You can't guarantee an LLM does anything. Custom data can often subvert the mach...

danlitt · 2026-06-10T21:51:21 1781128281

> You can't guarantee an LLM does anything.

Agreed.

> But that doesn't mean that separation between instructions and data is impossible.

Yes it does! The comments you are replying to are concerned that it is not possible to be sure that data and instructions have been separated. With certain kinds of automated systems (traditional ones), unless you write them incorrectly, you can be sure of this. And it is possible to engage in a productive incremental process where mistakes can be identified and removed, in a way people comprehend and can plan around.

LLMs do not have this. They have heuristics and guesses. Nobody knows what will work ahead of time, nor even a probability that it will work. That is not a doomer comment by the way! The same is true when you talk to a person. But it is a fundamental limitation, it cannot be removed.

Dylan16807 · 2026-06-11T02:30:41 1781145041

This is conflating different problems, in my opinion.

Can you make sure the instructions and data are separated and the machine follows only the instructions and doesn't change its behavior based on the data? No.

But the part that's impossible is not "the instructions and data are separated". The part that's impossible is "the machine follows only the instructions".

Separating instructions and data is not impossible, but it doesn't solve your problems.

One really important consequence of this is that even if the data doesn't have anything that looks like instructions, it can poison the machine anyway! If you get too focused on "instructions" then you miss that security flaw!

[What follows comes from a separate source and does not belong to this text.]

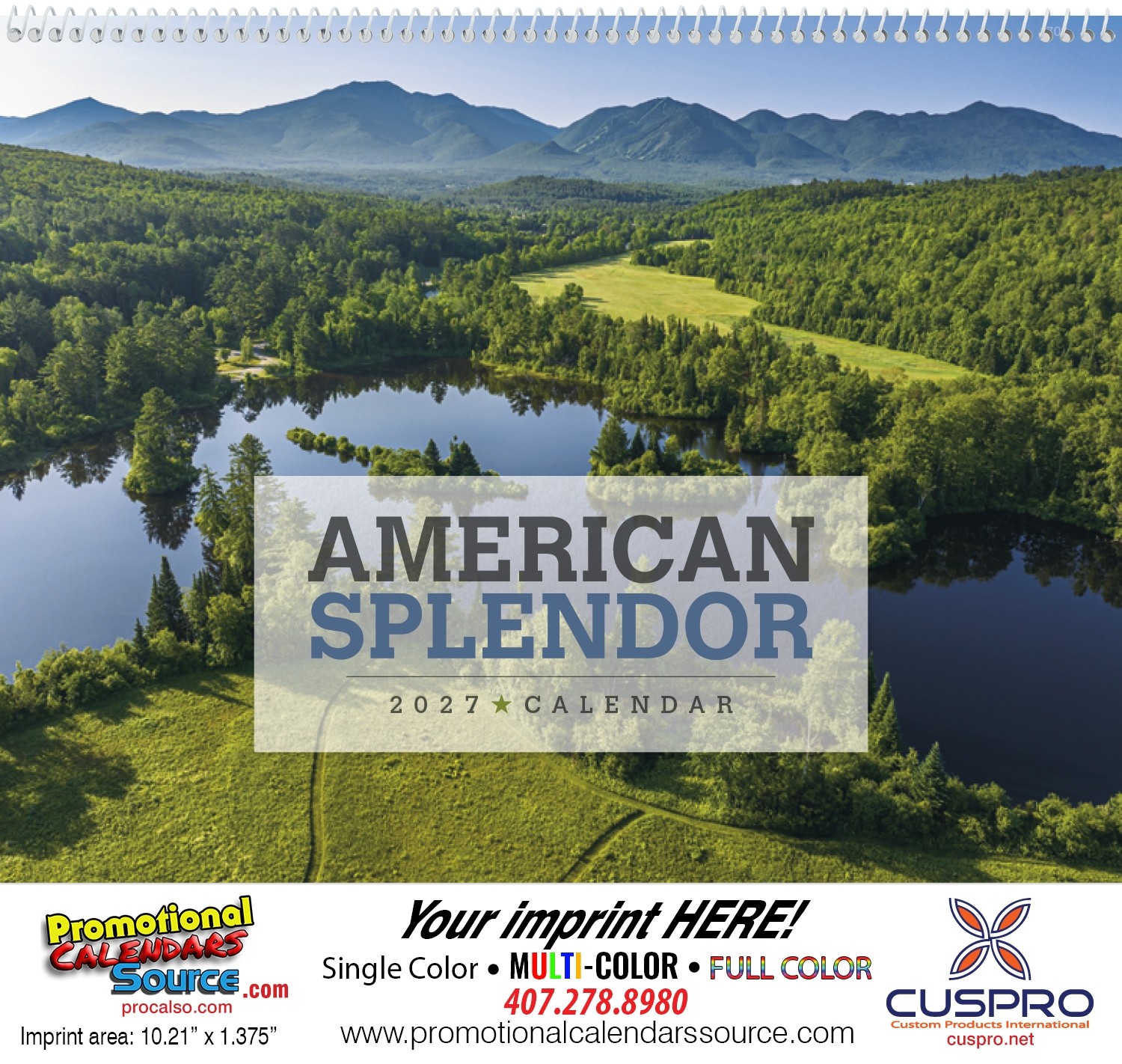 American Splendor Promotional Calendar . Photographs of scenic splendor from every corner of America are featured on this calendar. Appointment style calendar with large date blocks for notes, appointments, reminders and more. 11" x 19" Open Size printed on glossy paper for a quality feel and look. Cover is 80# Cover Gloss Stock and the pad is 70# Text Gloss. Your advertising copy will be printed on the bottom flap, in any single single color or multy color printing option. Perfect to showcase your business information in full color.

Even if you don't give the machine any data at all, it might not follow the instructions. It's not instruction/data conflation as the root cause, it's that instructions don't really work in the first place.

Terr_ · 2026-06-10T22:17:34 1781129854

What we have is a machine trained on many old documents that takes one new document and dreams up stuff to append. The LLM algorithm cannot specially recognize contents as "instructions" to itself-the-author.

Even if special tokens are used absolutely perfectly (somehow avoiding escapes or ambiguities or reflected attacks) they are ultimately the same as highlighting all the parts of the document in different colors. You've saved the signal, but there's no mind to receive the intended meaning.

This means that your markers--while far more exclusive--ultimately exist on the same data-level as punctuation and using ? to indicate a question.

> you can prevent the output tokens from ever using instruction formatting

The right words may still outweigh the formatting around them, the same way that they can already outweigh other words around them.